MK-801 Induced Immobility
The forced swim assay was performed with slight modification as previously described [14, 15]. In brief, MK-801(0.2 mg/kg) was administered once daily for consecutive 14 days. Saline was administered as control. On day 16 (48 h after the last injection), DHCB (10 mg/kg) or saline were administered 60 min prior to the test. Mice were then placed individually in a transparent glass cylinder containing water (24 cm high, 14.5 cm diameter, 14 cm water depth) at 23–25 °C and forced to swim. Mice were videotaped for 6 min, and the immobility time (time spent passively floating) is recorded for the last 4 min, after discarding activity in the first 2 min during which an animal tries to escape. ANY-MAZE software was used to record and analyze immobility (Stoelting Co.).

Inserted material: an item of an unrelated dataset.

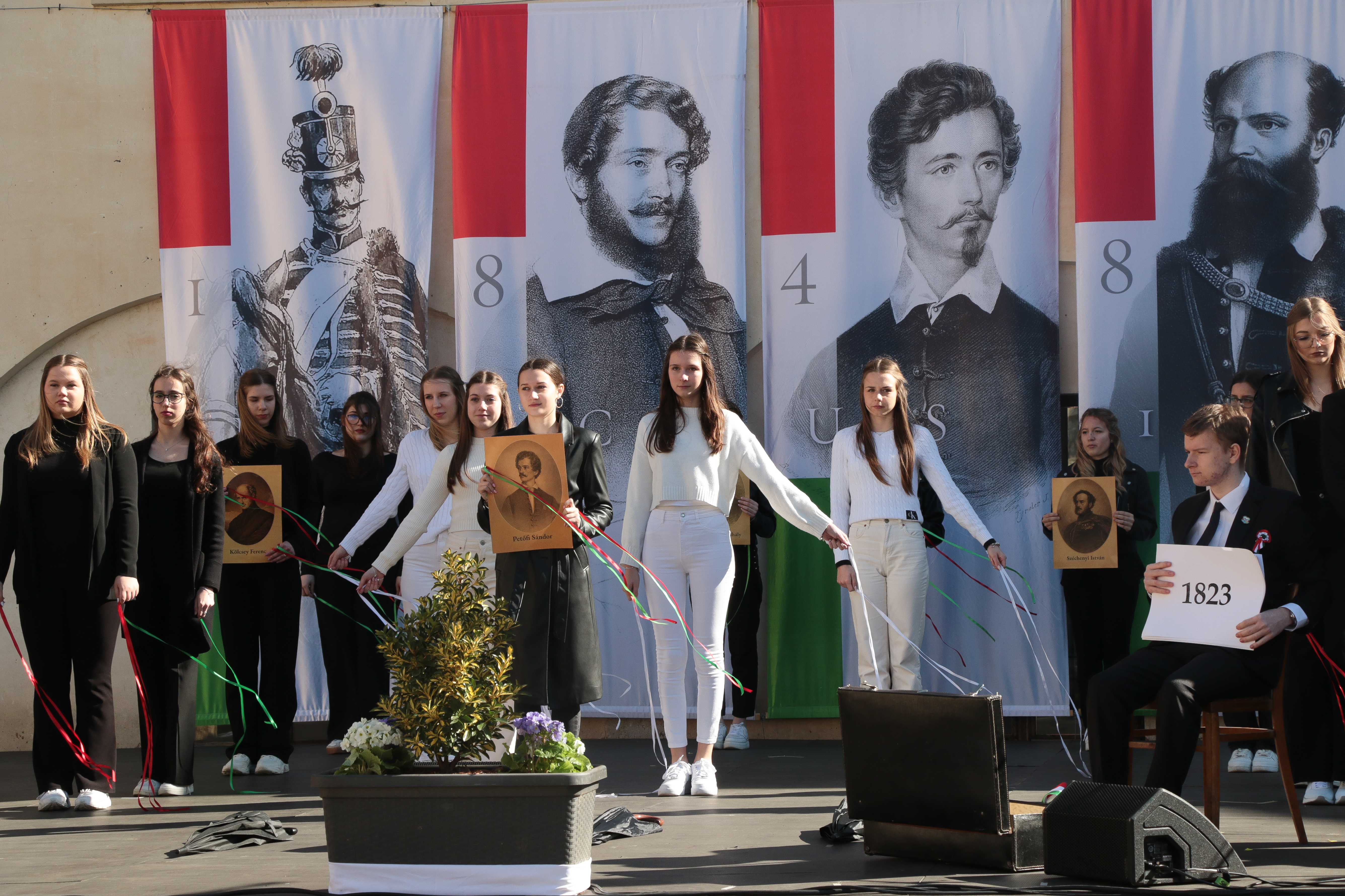A műsorban megidéztük a szabadság felé törekvő nagy reformkori gondolatokat, Petőfi szerelmre és szabadságra vágyó lelkét és végül a forradalmi nap ujjongó, tiszta, lelkesült pillanatát.

MK-801 Induced Novel Object Recognition (NOR) Deficit
The novel objects recognition task was assessed as described previously [15, 16]. This task consists of a training phase and a testing phase. Before training, all mice were handled 1–2 min a day for 3 days and were habituated to the experimental apparatus 10 min a day for 3 consecutive days without objects. The experimental apparatus is a rectangular open field (20 × 40 × 20 cm, manufactured by carpentry facility, University of California, Irvine). During the training phase, DHCB (10 mg/kg) and MK-801 (0.2 mg/kg) were administered50 min and 30 min before the training session, respectively. Saline was administered as control. Mice were then placed in the experimental apparatus with two identical objects(PVC male pipe adapter, white, 1.5 inch × 2.2 inch; PVC female hose mender, green, 1.4 inch × 2.2 inch) and allowed to explore for 10 min. Exploration was defined as occurring when an animal faced an object by one inch or less or when any part of the animal body touched the object, except for the tail. The objects were thoroughly cleaned with 10% ethanol and then dried between trials to make sure no olfactory cues were present. Ninety minutes later, mice were given with the retention phase. During these retention sessions, mice were allowed to explore the experimental apparatus for 5 min in the presence of one familiar and one novel object. The location of the novel object was counterbalanced between trials. Duration and the number of times that the mice explored familiar or novel object were recorded individually. The relative exploration time was recorded and expressed by a discrimination index: [D.I. = (Tnovel − Tfamiliar)/(Tnovel+ Tfamiliar) × 100%]. Tests were video recorded and analyzed by ANY-MAZE software (Stoelting Co.).
Data Analysis
Graphpad Prism (GraphPad Software, Inc.) was used for statistical analysis. Data are presented as mean ± S.E.M. Results of locomotor activity, stereotypic behavior, forced swim test, and startle reactivity were analyzed by one way ANOVA followed by Dunnett’s post hoc tests. Results of PPI and novel object recognition were analyzed by two way ANOVA followed by Bonferroni post hoc test, and P < 0.05 was considered statistically significant.
Results
DHCB Receptor Profiling
Our previous study has shown that DHCB displays dopamine receptors antagonistic activities. D2 receptor is partially involved in the antinociceptive effects but not in the sedative effects of DHCB at low doses [7]. That suggests to us that DHCB might bind to multiple pharmacological targets. To further explore the DHCB’s pharmacological profile, DHCB was screened against a large panel of receptors, transporters and ion channels through the NIMH PDSP. The results show that DHCB has no affinity to the receptors, channels or transporters summarized in Table 1. On the other hand, DHCB is found to bind to dopamine receptors (D1-D5), α1D, α2A, α2B and α2C adrenergic receptors with low affinity (Ki > 1 μM), while exhibiting moderate affinity to the serotonin-7 receptor, sigma 1 and 2 receptors and histamine-2 receptors (100 nM < Ki < 1 μM, Table 2). DHCB showed relatively low binding affinity the dopamine receptors when compared to its high activity at these receptors [7], probably due to assay differences. DHCB pharmacological profile as a whole suggested to us that it may antipsychotic effects.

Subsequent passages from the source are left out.